**Activity**.
Exactly repeat all the records below, omitting the images they hold.

Data items
:::

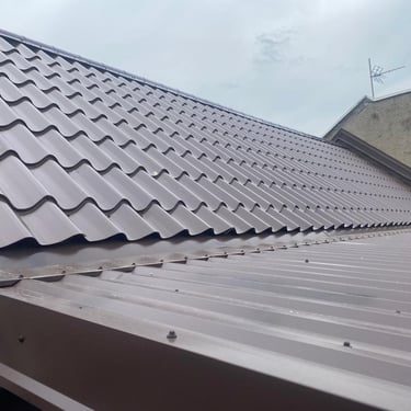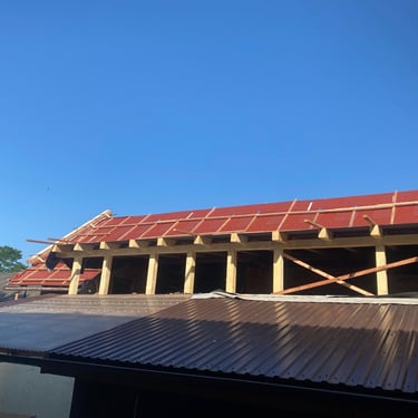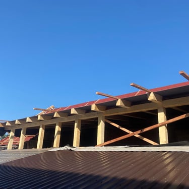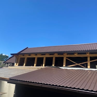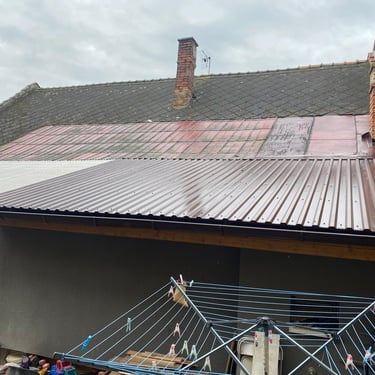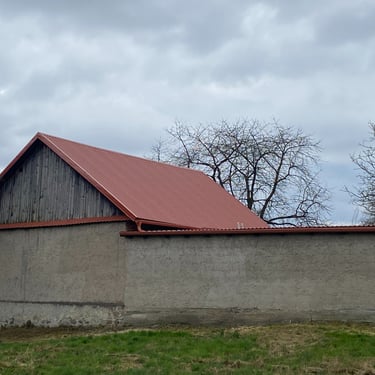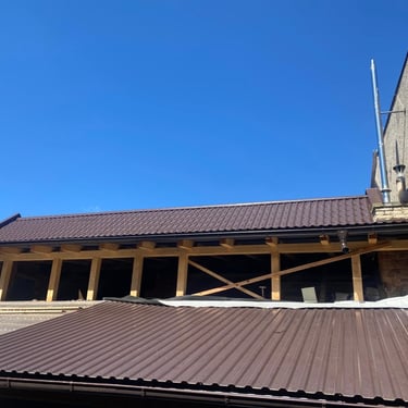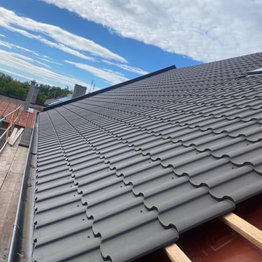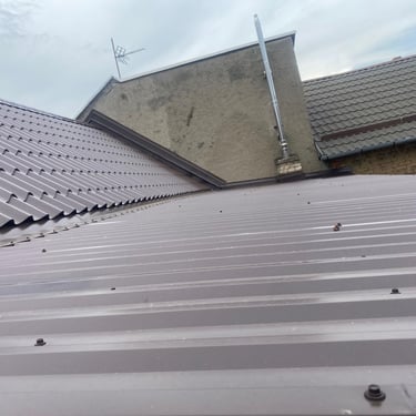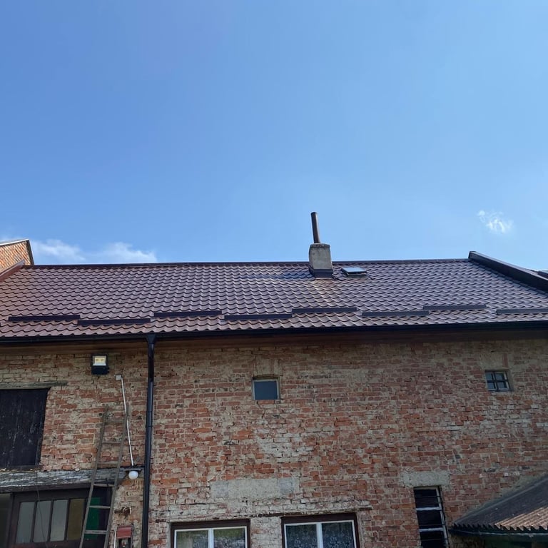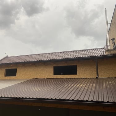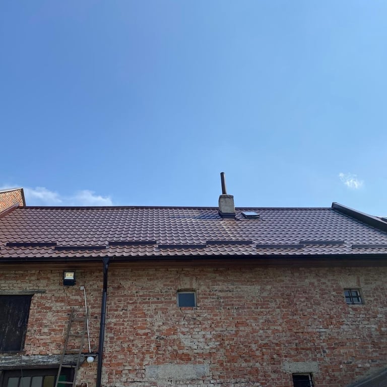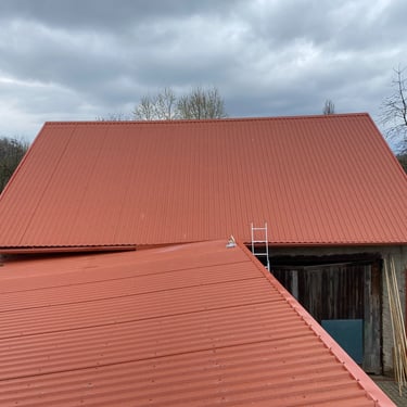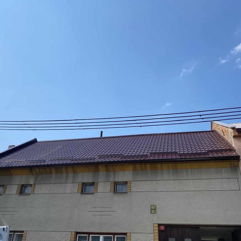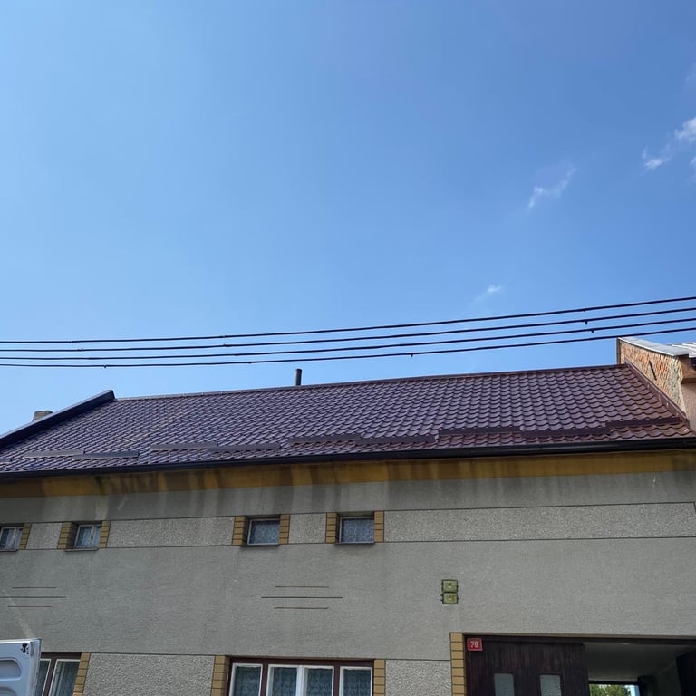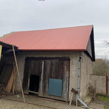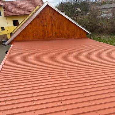 Původní krytina Onduline, nová krytina Ruukki Adamante 50+, vyrovnání komplet celé střechy, vybetonovaní a oplechování atik, komplet oplechování komínů.
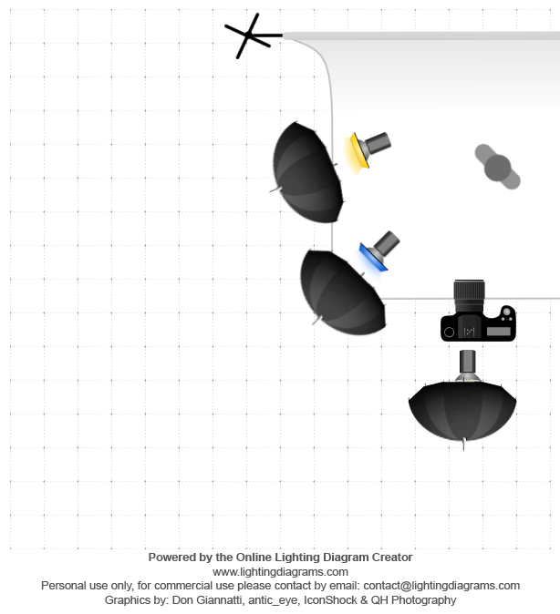 For the Flourish Event, this was a second look with our 60+ model. Keeping the cotton candy theme, the gels really brought this look together. One yellow gel on backdrop on camera left, one magenta gel on her back and toward backdrop on camera right, and a light blue gel feathered toward her, plus a non gel strobe behind camera and directly in front of her.
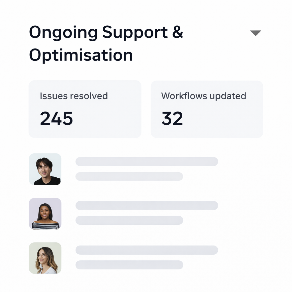 Regular check-ins to review what's working, spot opportunities, and make your system smarter. Think of us as your part-time ops manager.
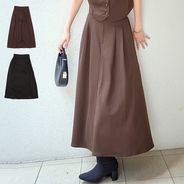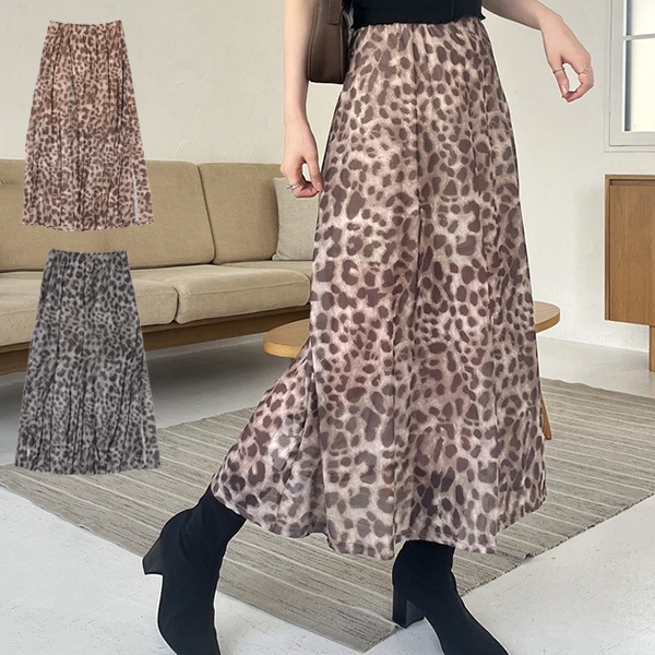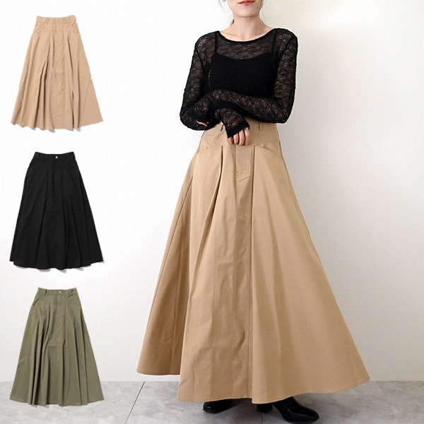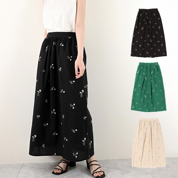 絶妙な配色をコーデの主役に。柄フレアロングスカート
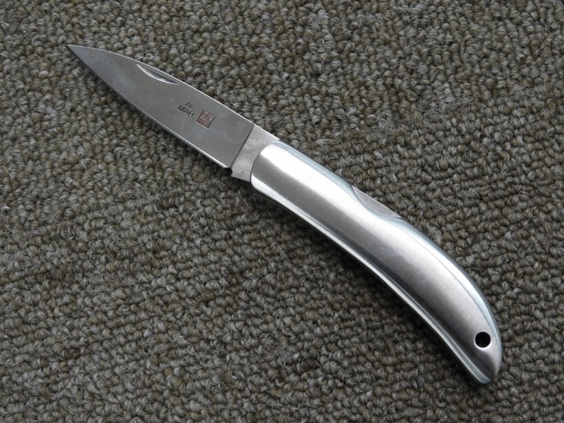 アルマー・クラシックのシリーズの一つ、ステンレスハンドルの「紳士用」フォールディングナイフ。
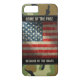 Este patriótico funda del iPhone 7 tiene un patrón de fondo de camuflaje de color caqui verde, marrón y negro con una bandera estadounidense de color rojo, blanco y gris azul encima con las palabras "Hogar de los libres, debido al valiente". Gracias a tu soldado o personal militar favorito con un tributo apropiado a su servicio. Si necesita ayuda, envíe un correo electrónico a niteowlstudio@gmail.com.
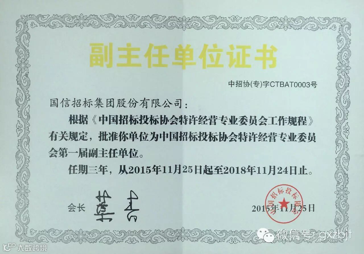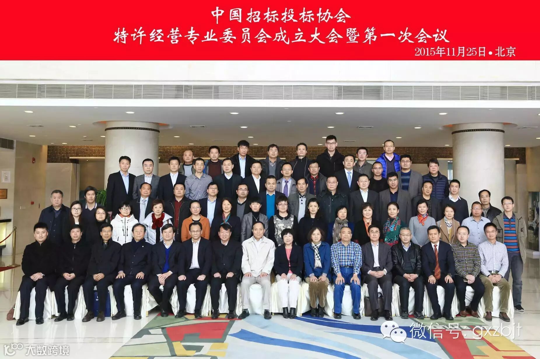 2015年11月25日,中国招标投标协会特许经营专业委员会成立大会暨第一次会议在顺义和园景逸大酒店召开。此次会议由中国招标投标协会主办,国信招标集团股份有限公司承办。国家发展与改革委员会法规司孟玮副巡视员、赵成峰处长、中国招标投标协会任珑常务副会长、贾建华副会长、毛林繁副秘书长、国信招标集团袁炳玉总裁,以及特许经营专业委员会的副主任委员及委员单位共70余人出席了会议。专委会由中国招标投标协会任珑常务副会长担任主任,设有副主任单位15家,委员单位38家。国信招标集团有幸当选副主任单位及第一届的执行主任。
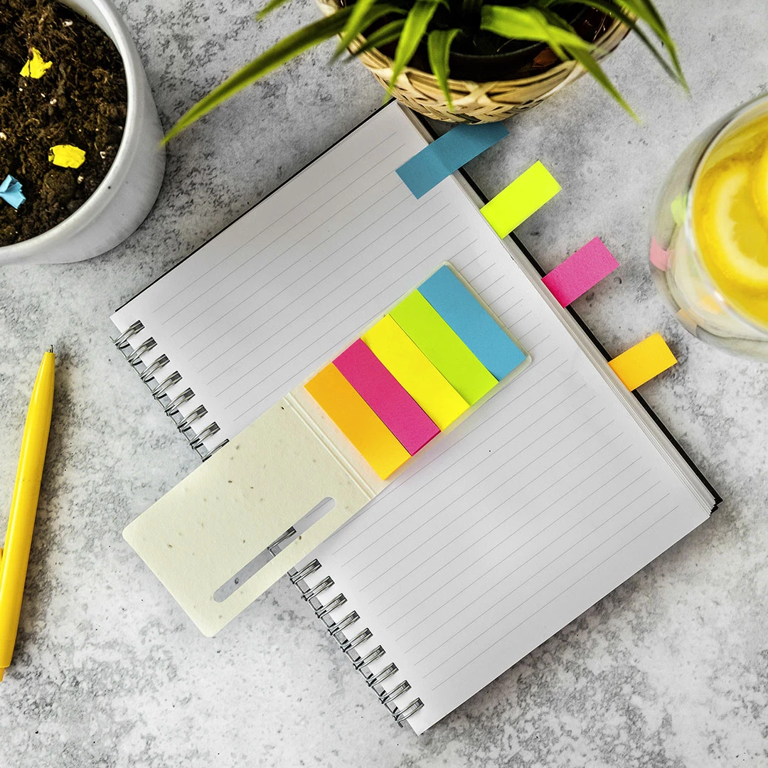 Umweltfreundliches Notizset aus Saatpapier (pflanzbare Papier mit Samen), das nach Gebrauch eingepflanzt werden kann und dem Produkt einen zusätzlichen nachhaltigen Wert verleiht. Geeignet für Schule, Universität oder «Back to School»-Werbekampagnen. Das Set enthält Haftnotizen in leuchtenden Farben, ideal zum Markieren und Organisieren.
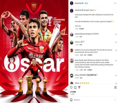 体育资讯12月25日报道宣称 据《东方体育日报》报道,海港曾主动联系亚足联,后者删除了告别奥斯卡的动态。

:::

**Reply to the task**.
 Původní krytina Onduline, nová krytina Ruukki Adamante 50+, vyrovnání komplet celé střechy, vybetonovaní a oplechování atik, komplet oplechování komínů.
 For the Flourish Event, this was a second look with our 60+ model. Keeping the cotton candy theme, the gels really brought this look together. One yellow gel on backdrop on camera left, one magenta gel on her back and toward backdrop on camera right, and a light blue gel feathered toward her, plus a non gel strobe behind camera and directly in front of her.
 Regular check-ins to review what's working, spot opportunities, and make your system smarter. Think of us as your part-time ops manager.
 絶妙な配色をコーデの主役に。柄フレアロングスカート
 アルマー・クラシックのシリーズの一つ、ステンレスハンドルの「紳士用」フォールディングナイフ。
 Este patriótico funda del iPhone 7 tiene un patrón de fondo de camuflaje de color caqui verde, marrón y negro con una bandera estadounidense de color rojo, blanco y gris azul encima con las palabras "Hogar de los libres, debido al valiente". Gracias a tu soldado o personal militar favorito con un tributo apropiado a su servicio. Si necesita ayuda, envíe un correo electrónico a niteowlstudio@gmail.com.
 2015年11月25日,中国招标投标协会特许经营专业委员会成立大会暨第一次会议在顺义和园景逸大酒店召开。此次会议由中国招标投标协会主办,国信招标集团股份有限公司承办。国家发展与改革委员会法规司孟玮副巡视员、赵成峰处长、中国招标投标协会任珑常务副会长、贾建华副会长、毛林繁副秘书长、国信招标集团袁炳玉总裁,以及特许经营专业委员会的副主任委员及委员单位共70余人出席了会议。专委会由中国招标投标协会任珑常务副会长担任主任,设有副主任单位15家,委员单位38家。国信招标集团有幸当选副主任单位及第一届的执行主任。
 Umweltfreundliches Notizset aus Saatpapier (pflanzbare Papier mit Samen), das nach Gebrauch eingepflanzt werden kann und dem Produkt einen zusätzlichen nachhaltigen Wert verleiht. Geeignet für Schule, Universität oder «Back to School»-Werbekampagnen. Das Set enthält Haftnotizen in leuchtenden Farben, ideal zum Markieren und Organisieren.
 体育资讯12月25日报道宣称 据《东方体育日报》报道,海港曾主动联系亚足联,后者删除了告别奥斯卡的动态。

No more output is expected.